Wildfire Emergency Declared in Wash.
Aug 24 11:05 AM US/Eastern
Gov. Chris Gregoire declared a statewide wildfire emergency as several large fires burned in Washington state and forecasters predicted more storms with high winds.
"Numerous wildfires across Washington pose a serious threat to homes, infrastructure, businesses and natural resources ... and our firefighting resources have begun to grow scarce," Gregoire said Wednesday following a helicopter tour of the largest fire, in the north-central part of the state.
The proclamation allows state agencies to send money and resources to help local jurisdictions battle the blazes.
As the governor flew over the 200-square-mile fire complex, flames leaped 100 feet into the air. Nearly 3,000 firefighters were assigned to the area.
"It's very rugged terrain," Gregoire said. "The firefighters go in and put up a line, and the fire will jump a mile over the line. ... We're just hoping now the weather cooperates."

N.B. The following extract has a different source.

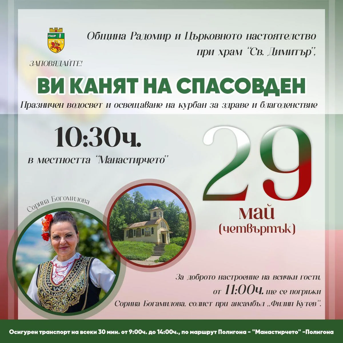 Голямо тържество готви Община Радомир по случай Възнесение Господне (Спасовден)! На 29 май (четвъртък) всички жители са поканени на свято място – местността „Манастирчето“, където ще има празничен водосвет и курбан за здраве и благоденствие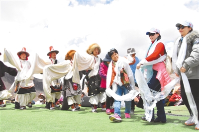 當雄蟲草節(jié)上,游客與牧民一起載歌載舞。劉斯宇 攝

In Columbia County, in the southeast part of the state, a fire south of Dayton almost doubled in size in about 24 hours to an estimated 25,000 acres, nearly 40 square miles. Lightning-sparked fires had destroyed two homes and 10 outbuildings in the county by Wednesday evening, said Lisa Caldwell, an emergency management official.
Residents along a roughly five-mile stretch of the Tucannon River were told to evacuate on Wednesday.
In nearby Walla Walla County, also in southeastern Washington, some residents along Coppei Creek were urged to evacuate as three fires burned nearby.
Thirty-five residents evacuated from a nursing home in Dayton were allowed to return after smoke over the area had cleared, and residents of some of the 200 homes that were evacuated also came back, said Ray Steiger, an information officer at the Columbia County fire complex.
In Utah, a firefighter who died while battling a blaze in the Fishlake National Forest was taken to the cemetery on a fire truck Wednesday.
More than 1,000 people, including Gov. Jon Huntsman, attended the funeral for Spencer Koyle, 33, who died Aug. 17. He was scouting a fire when it suddenly trapped him, authorities said.
"There were a lot of tears," said Susan Marzec, a U.S. Bureau of Land Management spokeswoman.
The fire continued to burn Wednesday about 15 miles north of the funeral in Holden. It covered nearly 8,000 acres, or 12 1/2 square miles.
Nearly 7 million acres, close to 11,000 square miles, have burned across the U.S. this year, well above the average of about 4.4 million acres by this time of year, according to the National Interagency Fire Center.